=== Section Start ===

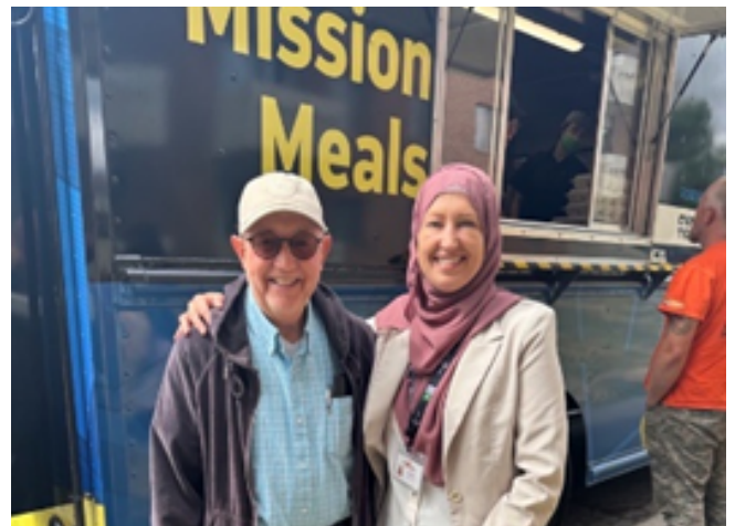
New Food Mission Stop
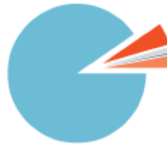
Shareholder Proposals – Votes Cast

For - 5536 Against - 312 Abstain - 76 1 Year - 16 Take No Action - 180
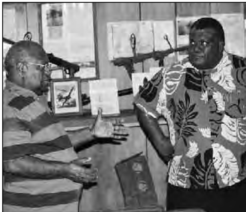
BUNG WANTAIM LIDA: Gavana Jenerel Sir Michael Ogio i toktok wantaim wanpela bikman bilong Is Nu Briten Provinsel Gavman.
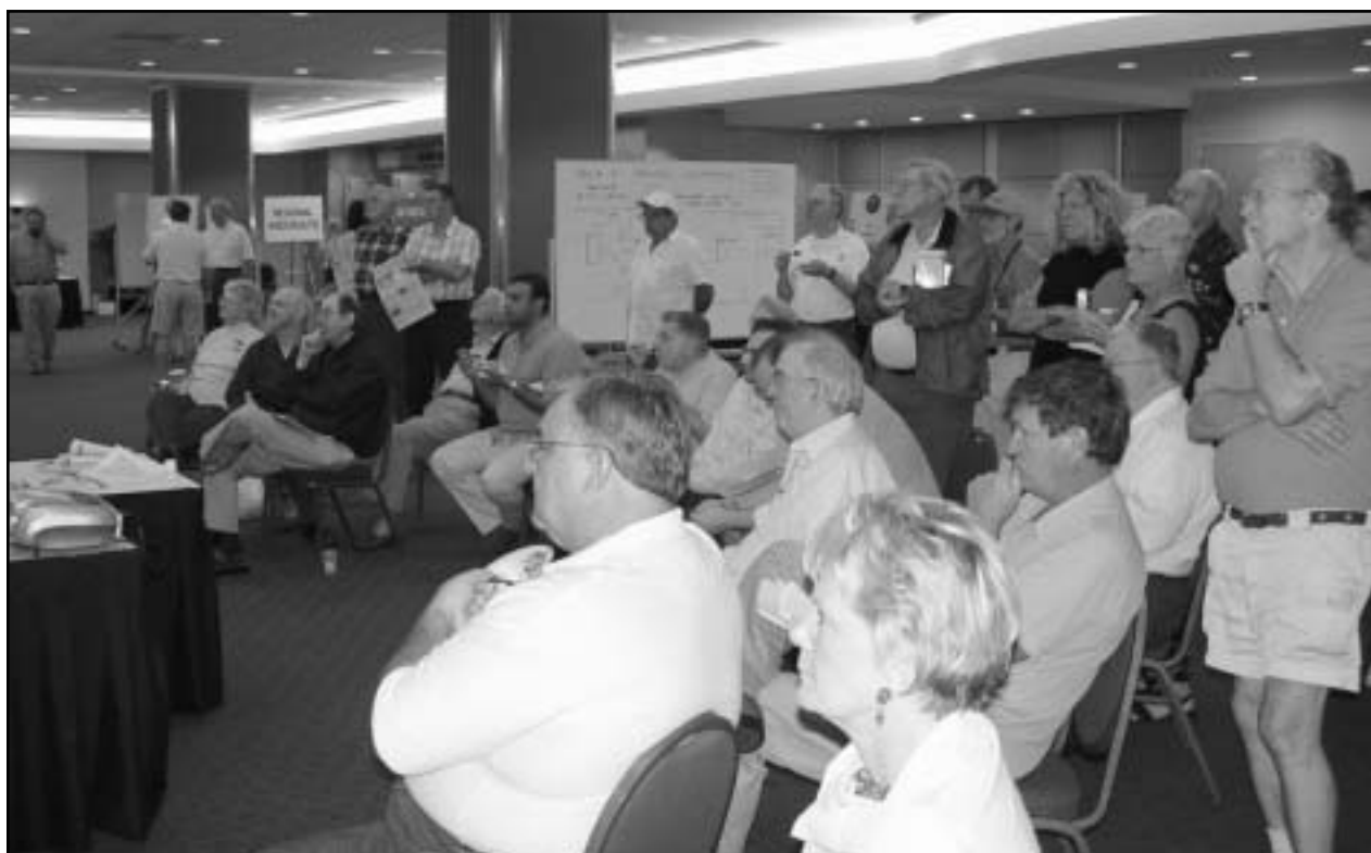
A crowd gathered Friday morning for the start of the final of the Wagar Women's Knockout Teams. Bid-bid and play-play in both rooms could be seen simultaneously on the screen at the hotel's exhibit level thanks to a broadcast by Bridge Base Online. BBO will also broadcast the semifinal round of the Spingold Knockout Teams today – both matches – and the final on Sunday.
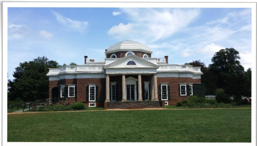
Monticello – President Thomas Jefferson's Home
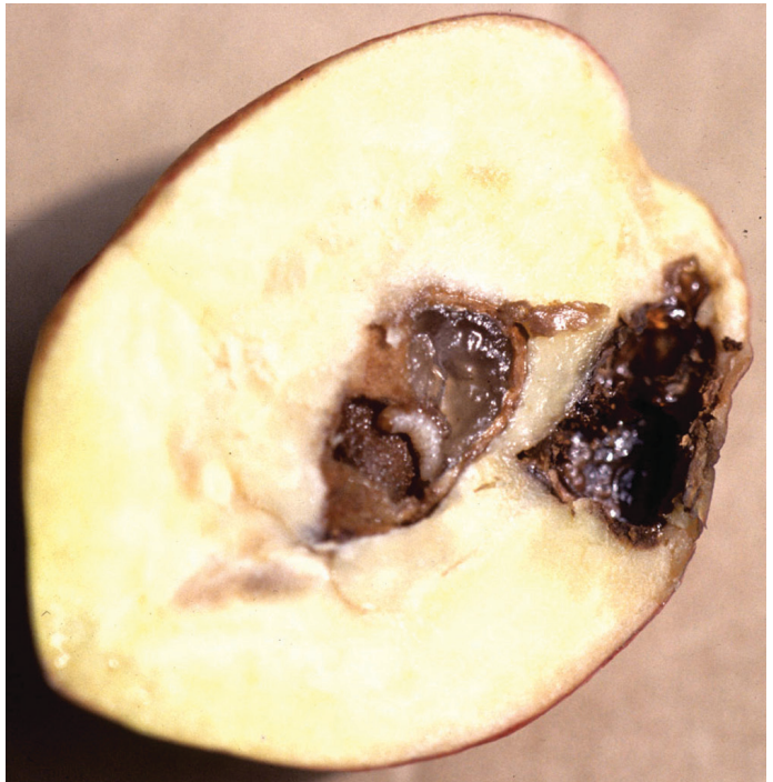
Figure 15. Curculio larvae eating the embryo. Rotting at the point of entry, with gummosis.

Generally, plum curculio has the potential to eliminate the entire crop of plums. The female will make a cut on the small plum fruit and deposit an egg in the flesh. The cut is crescent-shaped and heals over, forming a light brownish scar within 12 hours (Figure 14). The egg rapidly hatches and the small, whitish worm eats its way toward the pit of the fruit. If the pit or stone has not hardened but is still soft, the worm will enter the gelatinous material of the seed's embryo and feed (Figure 15). The small plum will then turn reddish and drop from the tree. If the worm did not reach the seed before pit hardening, it will tunnel around the pit and then emerge. The tunnel will hold brown frass and the injury will increase chances of the fruit ripening prematurely and rotting. When the worm exits the fruit, it will pupate in the ground and emerge as an adult in as soon as 60 days and continue the cycle. Worms of succeeding generations can continue the cycle in harvested fruit rendering it unsaleable (Figure 16).
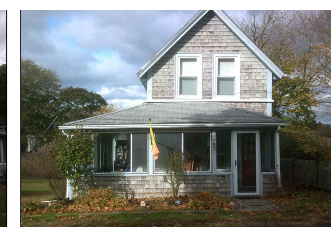
EXISTING EAST (FRONT) VIEW
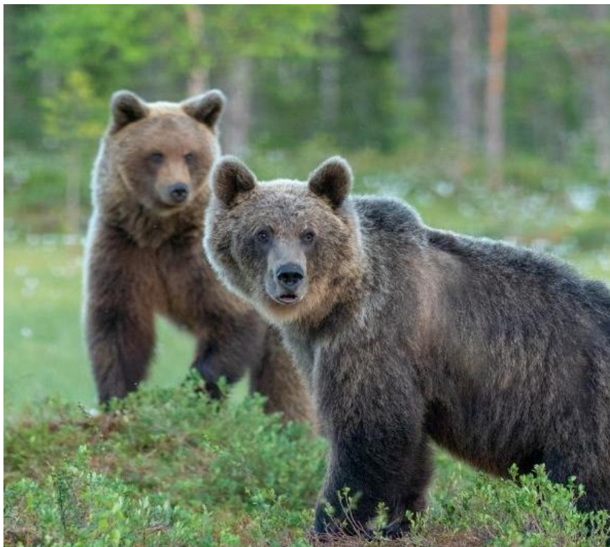
European Brown Bear from bear blind

The Wolverine is a solitary and rare animal that is always on the move. It resembles a small bear with a long tail. They are primarily scavengers and can devour their food quickly in big chunks—their scientific name, Gulo , means glutton. Meanwhile, the Brown Bear is the largest predator in Europe, feeding on anything it can find or catch, ranging from berries to fish and other mammals. Adult males can weigh a massive 300 kilos or 660 pounds. Despite their big size, Brown Bears are agile and males can travel hundreds of kilometers in a short period of time; females and cubs inhabit smaller territories.

=== Section End ===

- **TRY IT**:
Repeat the records above exactly, from the first line through the line containing "Figure 15. Curculio", and leave out the pictures.

- **REPLY**:
New Food Mission Stop
Shareholder Proposals – Votes Cast

For - 5536 Against - 312 Abstain - 76 1 Year - 16 Take No Action - 180
BUNG WANTAIM LIDA: Gavana Jenerel Sir Michael Ogio i toktok wantaim wanpela bikman bilong Is Nu Briten Provinsel Gavman.
A crowd gathered Friday morning for the start of the final of the Wagar Women's Knockout Teams. Bid-bid and play-play in both rooms could be seen simultaneously on the screen at the hotel's exhibit level thanks to a broadcast by Bridge Base Online. BBO will also broadcast the semifinal round of the Spingold Knockout Teams today – both matches – and the final on Sunday.
Monticello – President Thomas Jefferson's Home
Figure 15. Curculio larvae eating the embryo. Rotting at the point of entry, with gummosis.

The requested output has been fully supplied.